— WHAT THIS TASK INVOLVES —
The answer must be an exact transcription of the lines below from the first through the one containing "Ein besonderes Highlight", with the pictures left out; please add nothing else.

— RECORDED INFORMATION —
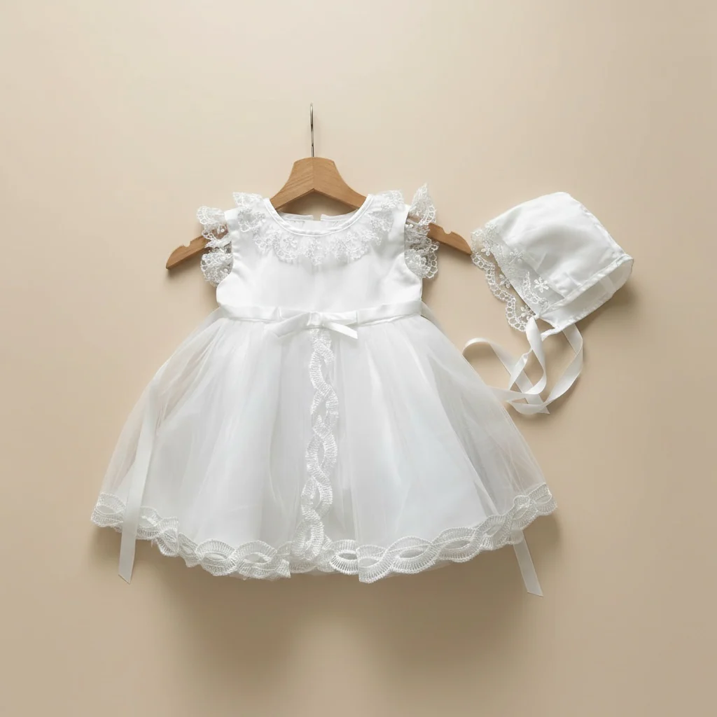 Robe de Baptême Blanche – Élégance et Raffinement pour Bébé
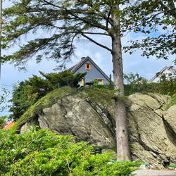 After the beach we headed for the southern tip of the island at Skudeneshavn, a pretty white boarded village, with a moonstone that isn’t native to the area! We sought out a lovely old style cafeLäs mer
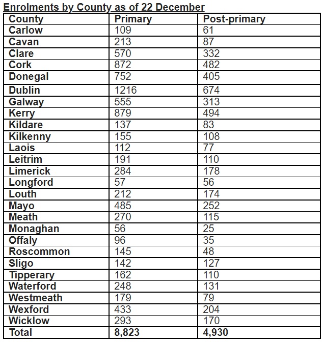 The Department of Education confirmed that as of 22 December, 13,753 Ukrainian pupils have been enrolled in schools across Ireland. Out of that figure, 8,823 of these pupils have been accommodated in primary schools while 4,930 pupils have enrolled in post-primary schools.
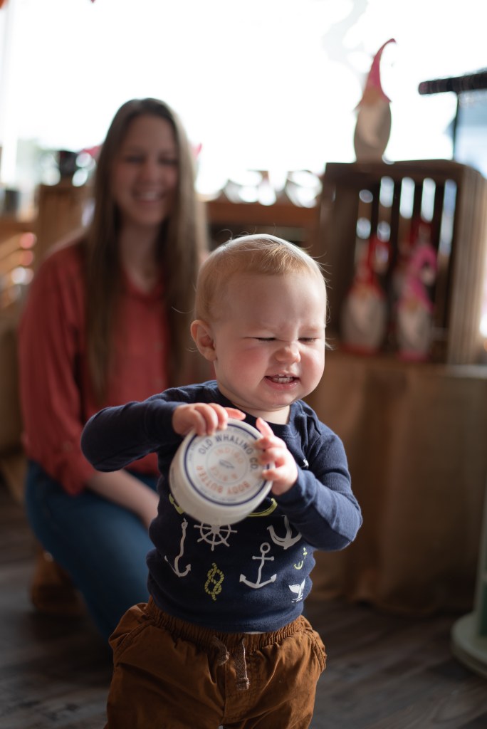 He comes to work with her everyday and I am willing to bet the locals stop by only to see him sometimes, sorry Skylar. However, if you need a dose of blue eyed, happy giggles stop in! He will not disappoint and seeing as he is running around now, he will probably welcome you at the door.
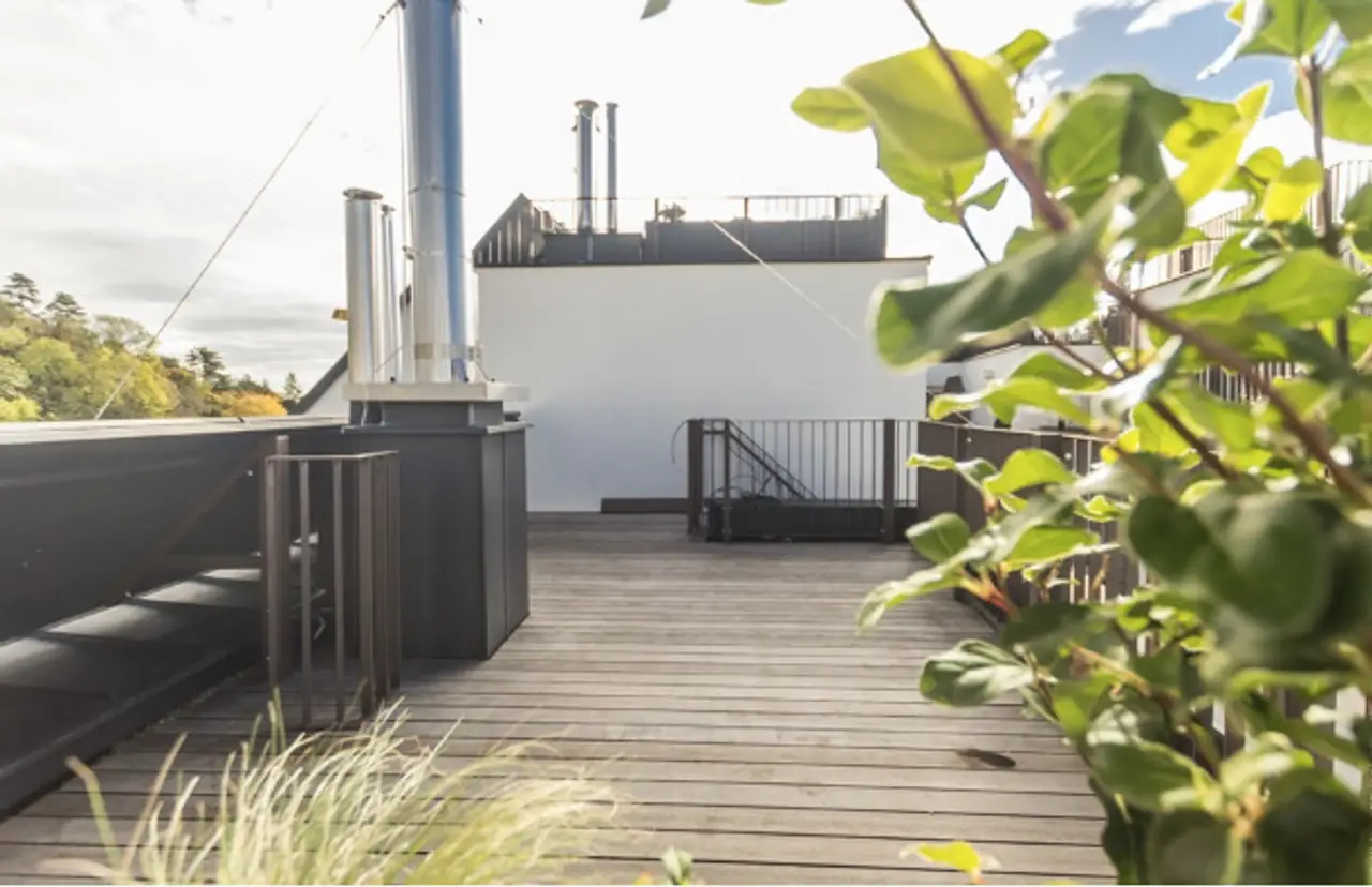 Ein besonderes Highlight bildet die Dachterrasse mit ca. 19,40 m², die gemeinsam mit dem Balkon mit ca. 11,40 m²eine zusätzliche Freifläche von insgesamt ca. 30,80 m² bietet. Von hier aus eröffnet sich ein Blick in die grüne Umgebung von Sievering sowie auf die Weinberge des 19. Bezirks.
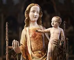 Ein in die Zeit um 1290 datierter Taufstein aus Basaltlava wurde in seinen vermauerten Bruchstücken im Abbruchmaterial der niedergelegten späteren Barockkirche gefunden und rekonstruiert. Dieser, und die sogenannte Dietkirchenmadonna aus dem 14. Jahrhundert sind überkommene Schätze. Sie zieren die heutige, von Heinrich Wiethase entworfene, im gotischen Stil erbaute Kirche.[17] Wann der Taufstein, der zeitweise auch als „Volksaltar“ diente, sowie die Skulptur der Madonna mit Kind in den Besitz der Pfarrkirche gelangten, ist derzeit nicht bekannt; sie werden aber später in die Dietkirche gekommen sein, da diese selbst zum Ende des 13. Jahrhunderts (Spendenaufruf durch Erzbischof Sifrid) und ebenfalls in den Anfängen des 14. Jahrhunderts auf Spenden für einen Neubau (der um 1316/17 im Bau war)[16] angewiesen war. Auch einer späteren Textpassage einer Einlassung von 1647 ist zu entnehmen, dass die Ausstattung des Kircheninneren recht dürftig gewesen sei. Auch die Gebäude des Konvents blieben in der oft von Durchzügen kriegerischer Banden betroffenen Stadt nicht von Schäden verschont. So berichtet eine Urkunde von 1320, dass die Äbtissin Ponzetta zu Dietkirchen – Schwester des Erzbischofs Heinrich II. von Virneburg – noch vor 1320 ein durch Brand/Brandstiftung vernichtetes Dormitorium in Dietkirchen für ca. 1000 Mark wieder aufbauen musste.[18] Nach den Kölner erzbischöflichen Regesten soll 1317 eine Krypta der Kirche existiert haben, die als ältester Teil des Bauwerks bezeichnet wurde.[19]
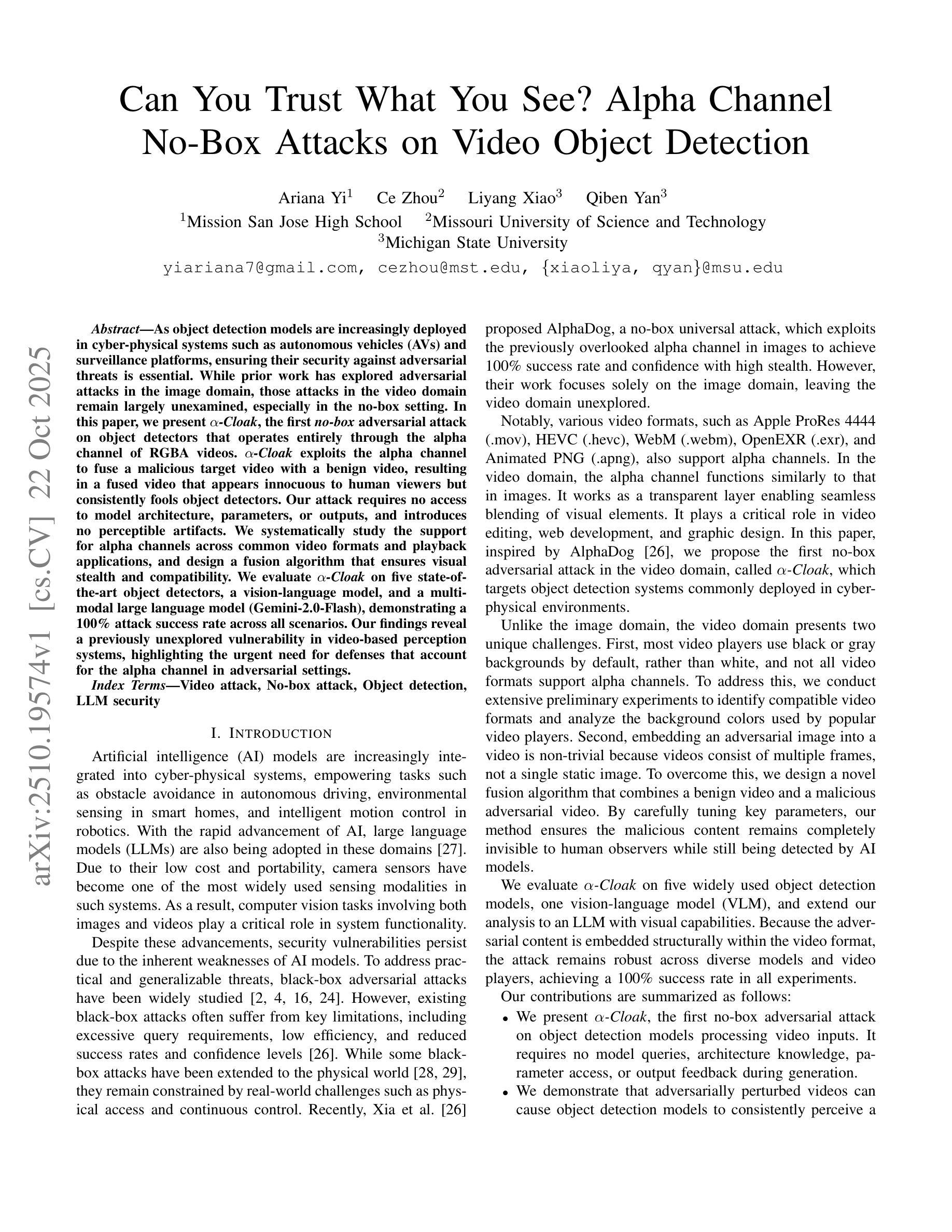 针对对象检测模型在自主车辆和监控平台等网络物理系统中的部署,本论文提出了名为{\alpha}-Cloak的无框视频域对抗攻击方法。通过利用RGBA视频的Alpha通道融合恶意目标视频与良性视频,该方法创造出看似无害的融合视频,欺骗对象检测器。攻击无需接触模型架构、参数或输出,且不引入可见失真。系统研究了常见视频格式和播放应用程序对Alpha通道的支持,并设计了确保视觉隐蔽性和兼容性的融合算法。评估显示,{\alpha}-Cloak在所有场景下攻击成功率达百分之百,揭示了视频感知系统中新的安全隐患,凸显需要迫切为对抗性设置中的Alpha通道进行防御工作。
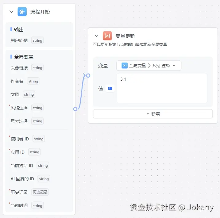 新增【变量更新】节点,将图片尺寸固定为 3:4
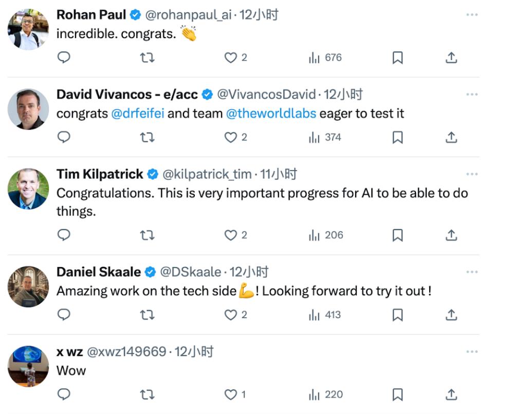 在李飞飞的推文下,很多网友都觉得这个模型的DEMO效果非常惊艳。
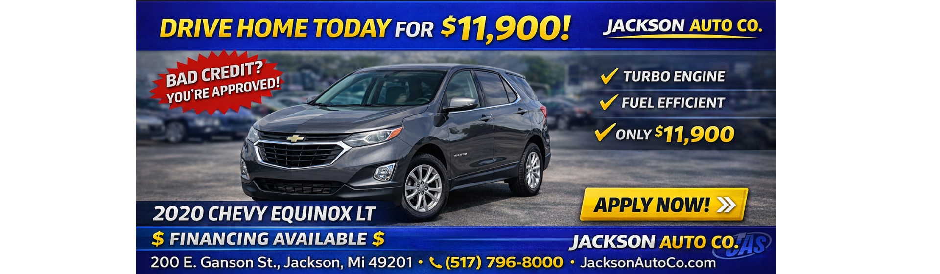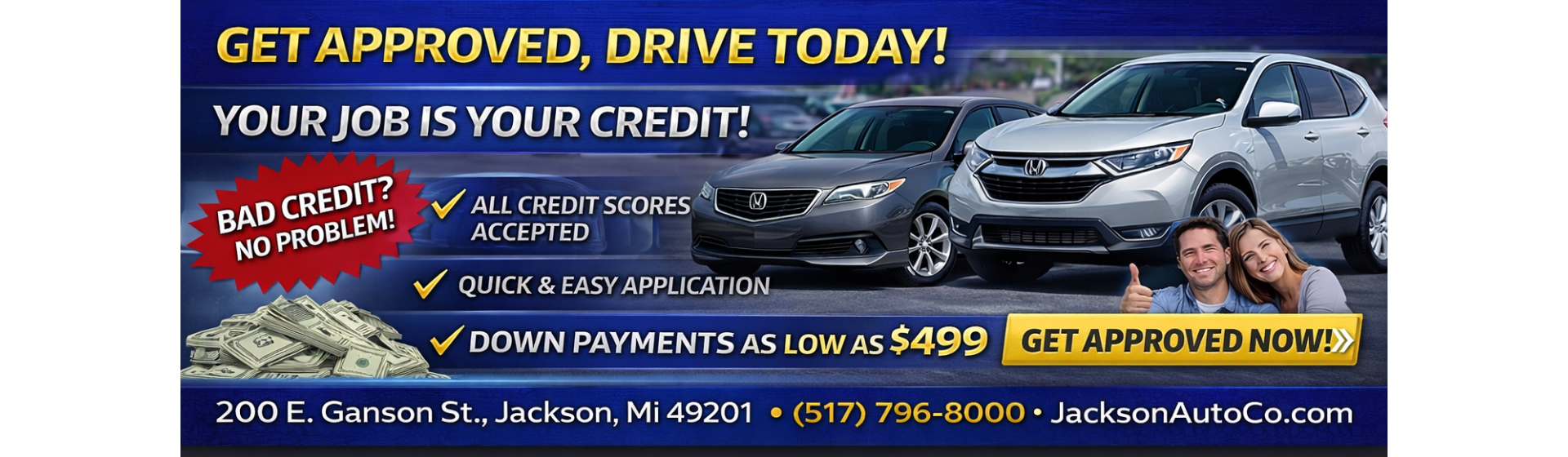 By checking this box, you expressly consent to receive customer care text messages and/or phone calls to the number provided from or on behalf of Jackson Auto Co or their employees in response to your inquiry. By opting in, you understand no mobile information will be shared with third parties or affiliates for marketing or promotional purposes. Message frequency varies per user. Message and data rates may apply. You may withdraw your consent at any time by texting "STOP" or "HELP" for help. See our
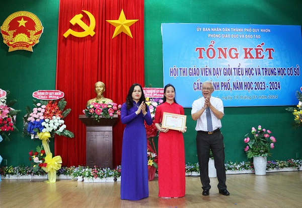 Tổng kết Hội thi, Phòng Giáo dục - Đào tạo TP Quy Nhơn đã công nhận và khen thưởng 105 giáo viên đạt giáo viên dạy giỏi tiểu học cấp thành phố (trong đó, có 32 giải khuyến khích, 52 giải Ba, 20 giải Nhì và 1 giải Nhất được trao cho cô giáo Đinh Thị Thu Trang - Trường tiểu học Ngô Mây); công nhận và khen thưởng 87 giáo viên đạt giáo viên dạy giỏi trung học cơ sở cấp thành phố (trong đó, có 14 giải khuyến khích, 51 giải Ba, 22 giải Nhì).
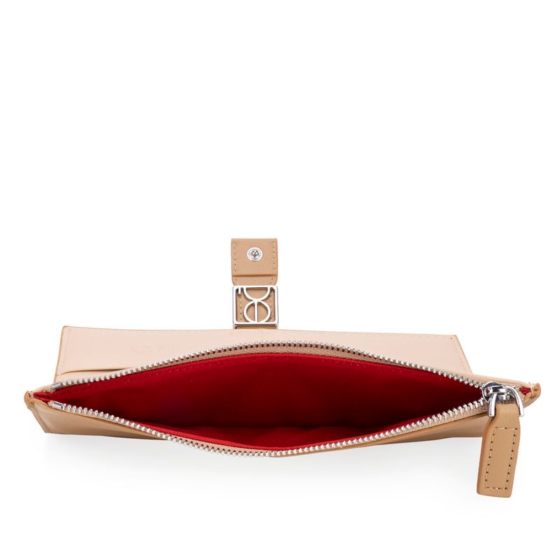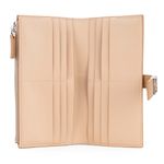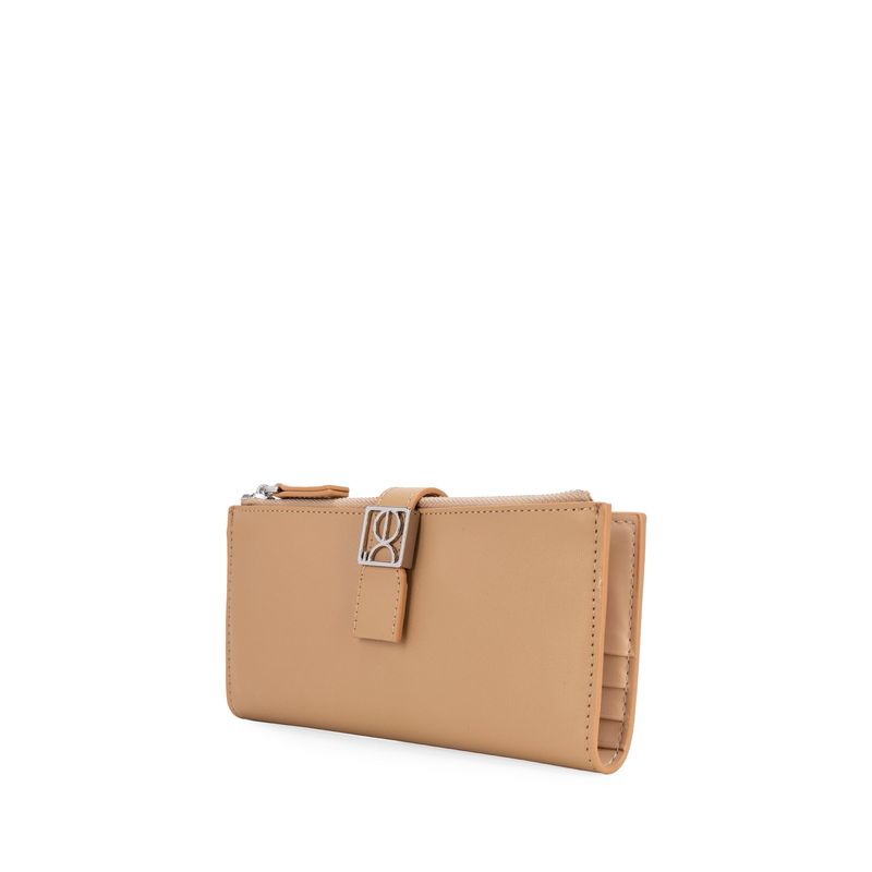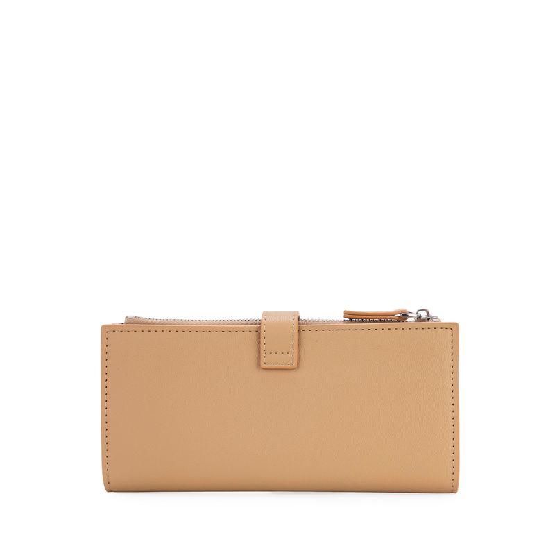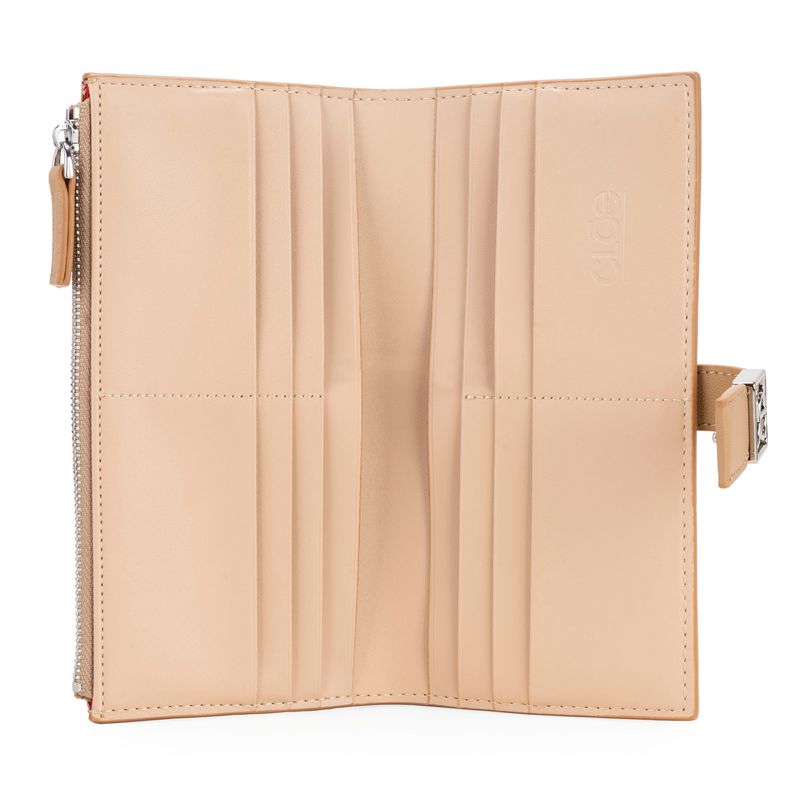 Billetera hecha con material vegano apariencia piel. Cuenta con cierre metálico de larga duración. Broche magnético. Monedero. Herraje de monograma. Múltiples compartimentos internos para billetes y tarjetas.

— SOLUTION TO THIS TASK —
 Robe de Baptême Blanche – Élégance et Raffinement pour Bébé
 After the beach we headed for the southern tip of the island at Skudeneshavn, a pretty white boarded village, with a moonstone that isn’t native to the area! We sought out a lovely old style cafeLäs mer
 The Department of Education confirmed that as of 22 December, 13,753 Ukrainian pupils have been enrolled in schools across Ireland. Out of that figure, 8,823 of these pupils have been accommodated in primary schools while 4,930 pupils have enrolled in post-primary schools.
 He comes to work with her everyday and I am willing to bet the locals stop by only to see him sometimes, sorry Skylar. However, if you need a dose of blue eyed, happy giggles stop in! He will not disappoint and seeing as he is running around now, he will probably welcome you at the door.
 Ein besonderes Highlight bildet die Dachterrasse mit ca. 19,40 m², die gemeinsam mit dem Balkon mit ca. 11,40 m²eine zusätzliche Freifläche von insgesamt ca. 30,80 m² bietet. Von hier aus eröffnet sich ein Blick in die grüne Umgebung von Sievering sowie auf die Weinberge des 19. Bezirks.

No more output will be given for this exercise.